DIRECTIONS:
Could you transcribe every record below exactly, leaving out any pictures?
● ● ●
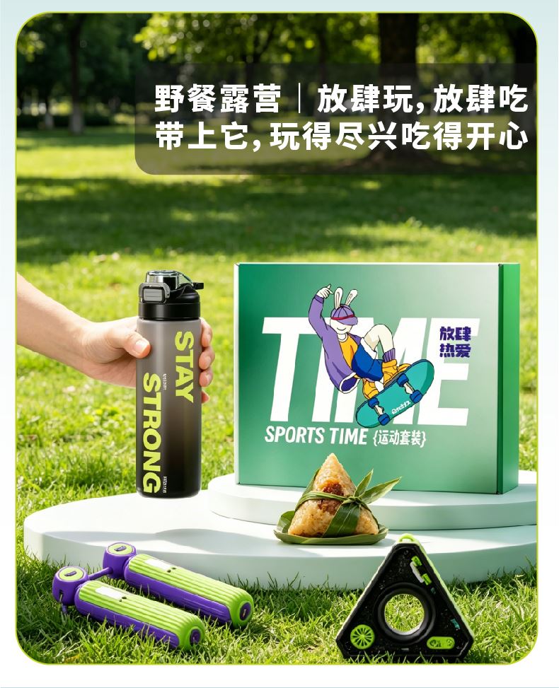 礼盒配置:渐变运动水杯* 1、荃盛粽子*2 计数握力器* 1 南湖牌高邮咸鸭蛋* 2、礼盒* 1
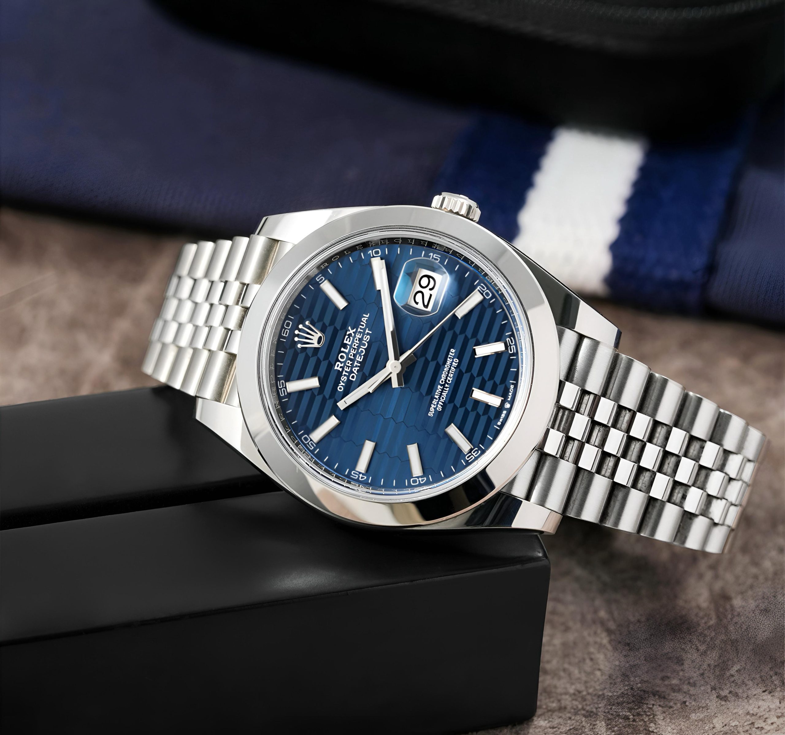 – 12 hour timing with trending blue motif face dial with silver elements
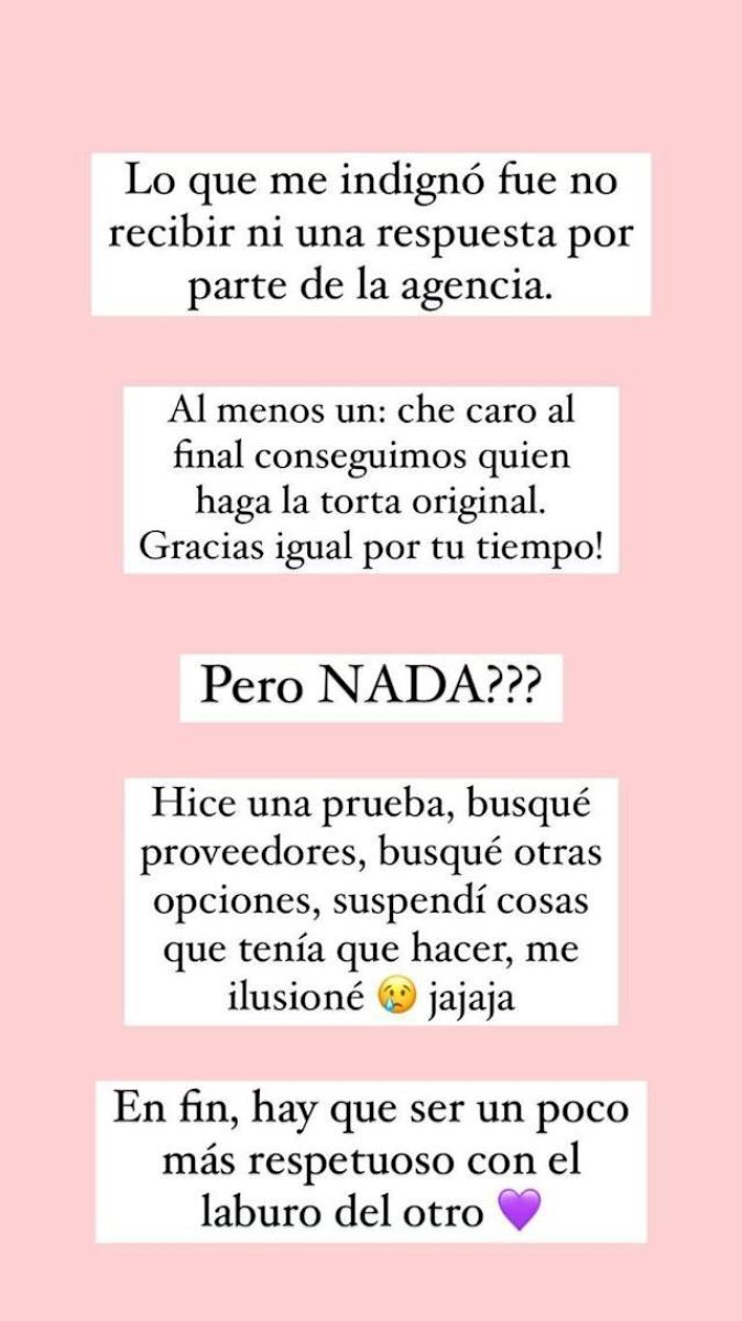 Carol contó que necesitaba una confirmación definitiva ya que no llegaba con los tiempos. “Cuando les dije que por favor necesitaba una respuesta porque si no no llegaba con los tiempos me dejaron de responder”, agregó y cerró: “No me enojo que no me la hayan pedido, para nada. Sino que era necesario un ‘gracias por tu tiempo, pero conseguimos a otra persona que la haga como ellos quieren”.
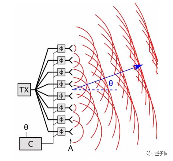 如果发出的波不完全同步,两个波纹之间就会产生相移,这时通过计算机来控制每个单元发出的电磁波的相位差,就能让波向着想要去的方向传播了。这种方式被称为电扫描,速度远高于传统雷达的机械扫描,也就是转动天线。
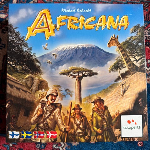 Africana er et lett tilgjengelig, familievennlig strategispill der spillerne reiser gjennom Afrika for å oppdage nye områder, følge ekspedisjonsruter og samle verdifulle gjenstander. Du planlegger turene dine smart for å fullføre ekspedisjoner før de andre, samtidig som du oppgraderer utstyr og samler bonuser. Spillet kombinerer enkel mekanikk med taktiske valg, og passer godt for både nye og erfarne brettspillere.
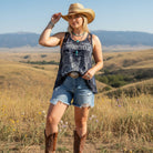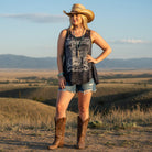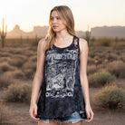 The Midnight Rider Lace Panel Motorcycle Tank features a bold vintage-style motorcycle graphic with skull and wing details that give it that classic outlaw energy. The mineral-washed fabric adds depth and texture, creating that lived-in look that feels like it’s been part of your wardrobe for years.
● ● ●
ANSWER BOX:
 礼盒配置:渐变运动水杯* 1、荃盛粽子*2 计数握力器* 1 南湖牌高邮咸鸭蛋* 2、礼盒* 1
 – 12 hour timing with trending blue motif face dial with silver elements
 Carol contó que necesitaba una confirmación definitiva ya que no llegaba con los tiempos. “Cuando les dije que por favor necesitaba una respuesta porque si no no llegaba con los tiempos me dejaron de responder”, agregó y cerró: “No me enojo que no me la hayan pedido, para nada. Sino que era necesario un ‘gracias por tu tiempo, pero conseguimos a otra persona que la haga como ellos quieren”.
 如果发出的波不完全同步,两个波纹之间就会产生相移,这时通过计算机来控制每个单元发出的电磁波的相位差,就能让波向着想要去的方向传播了。这种方式被称为电扫描,速度远高于传统雷达的机械扫描,也就是转动天线。
 Africana er et lett tilgjengelig, familievennlig strategispill der spillerne reiser gjennom Afrika for å oppdage nye områder, følge ekspedisjonsruter og samle verdifulle gjenstander. Du planlegger turene dine smart for å fullføre ekspedisjoner før de andre, samtidig som du oppgraderer utstyr og samler bonuser. Spillet kombinerer enkel mekanikk med taktiske valg, og passer godt for både nye og erfarne brettspillere.
 The Midnight Rider Lace Panel Motorcycle Tank features a bold vintage-style motorcycle graphic with skull and wing details that give it that classic outlaw energy. The mineral-washed fabric adds depth and texture, creating that lived-in look that feels like it’s been part of your wardrobe for years.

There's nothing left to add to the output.